Corpus Creation to Find a Distance

izaychik63 · October 13, 2020, 7:37pm

I’m trying to get string distance to use it for clustering. My result is NaN. Could you please review my FW to say, what I’m doing wrong?Corpus Generation.knwf (31.9 KB)

qqilihq · October 14, 2020, 7:59am

Looks like (1) some settings in the WF are off, (2) there’s a bug in the TF-IDF node which can produce the NaNs, (3) it would be good to have an example workflow which shows the node’s usage.

I will get back once I have a fix for these points. Will be with the next Palladian release. Some patience please.

–Philipp

izaychik63 · October 14, 2020, 11:54am

Thank you, @qqilihq. Could you please explain what settings are off. Also, I will be on KNIME version 4.1 until February 2021, so I’d like the fix works for the version.

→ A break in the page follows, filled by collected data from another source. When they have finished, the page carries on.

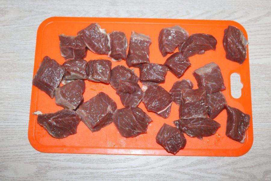 Мясо помойте, нарежьте крупными кусочками.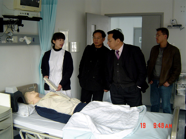 上海医药高等专科学校是第一批国家示范性高职院校立项建设单位,也是第一批国家示范性高职院校中唯一的一所医药类高职院校。该校师资力量雄厚、专业特色鲜明、教学设施先进、实验设备精良,拥有国家财政和上海市教委重点建设的上海市现代护理实训中心、上海医学检验开放实训中心、上海口腔医学技术开放实训中心、上海现代眼视光技术公共实训中心、上海市现代药学公共实训中心、上海临床医学(乡村医生)公共实训中心、影像技术电子实训中心等,是上海市开展多种形式卫生职业培训的重要基地。院长陈年友一行在该校领导的陪同下,重点参观了该校现代护理实训中心、现代眼视光技术公共实训中心、影像技术电子实训中心、医学检验开放实训中心、现代药学公共实训中心。通过座谈交流、现场观摩等方式充分了解了该校医药类专业建设、实训基地建设、国际合作办学等情况,这为我院医药卫生学院的建设提供了借鉴,指明了方向。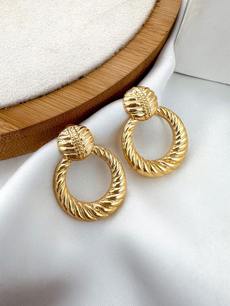 3. Brinco Folheado a Ouro 18k Argola Trabalhada com Ponteira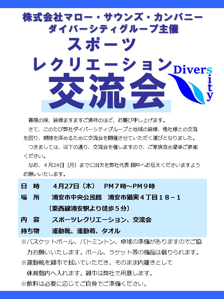 この度、弊社 ダイバーシティグループと地域の皆様・他社様との交流を図り親睦を深める為に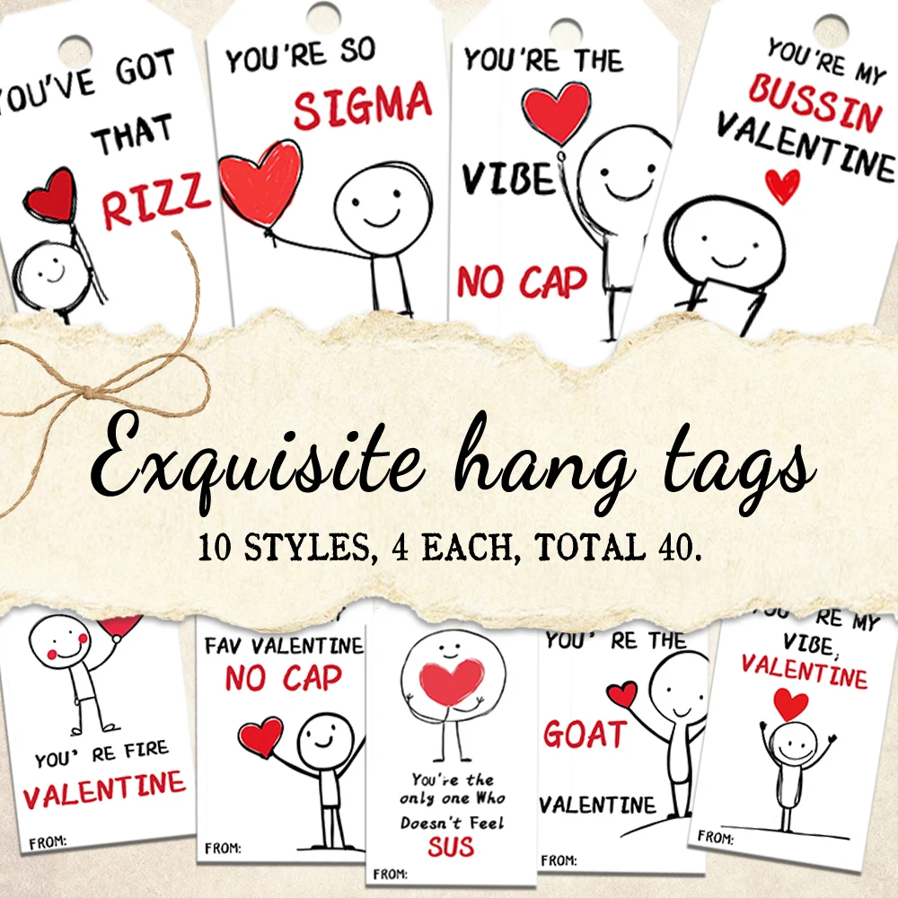 40pcs Valentine's Day Cute Cartoon Character Decorative Tags, Adorable Gift Labels, Party Decoration, Handmade Packaging Accents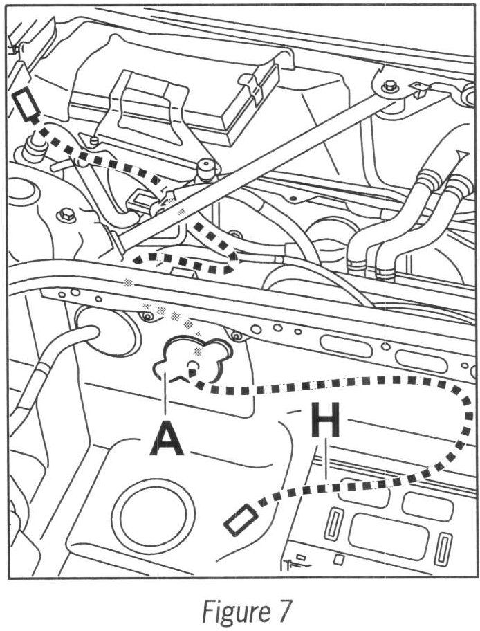 5.3.3 Route GPS antenna line --> Figure 7 -H- as follows and fix in place: Navigation unit installation position -> through rubber grommet -> along wire harness -> right plenum panel

izaychik63 · October 14, 2020, 12:03pm

@ipazin, if you want to reclassify my question, I’d like to have it as Text Mining as not Palladian solution can be advised to me.

Thank you
Igor

ipazin · October 14, 2020, 1:32pm

Hi @izaychik63,

sure. Thought it was closely related to Palladian.

Br,
Ivan

izaychik63 · October 15, 2020, 8:21pm

I fixed data and got distance from TF-IDF similarity node. How I can cluster the document now? I attached fixed WF.Corpus Generation.knwf (18.6 KB)

izaychik63 · October 21, 2020, 5:37pm

Could someone suggest how to simulate TF-IDF node with KNIME TF, IDF nodes?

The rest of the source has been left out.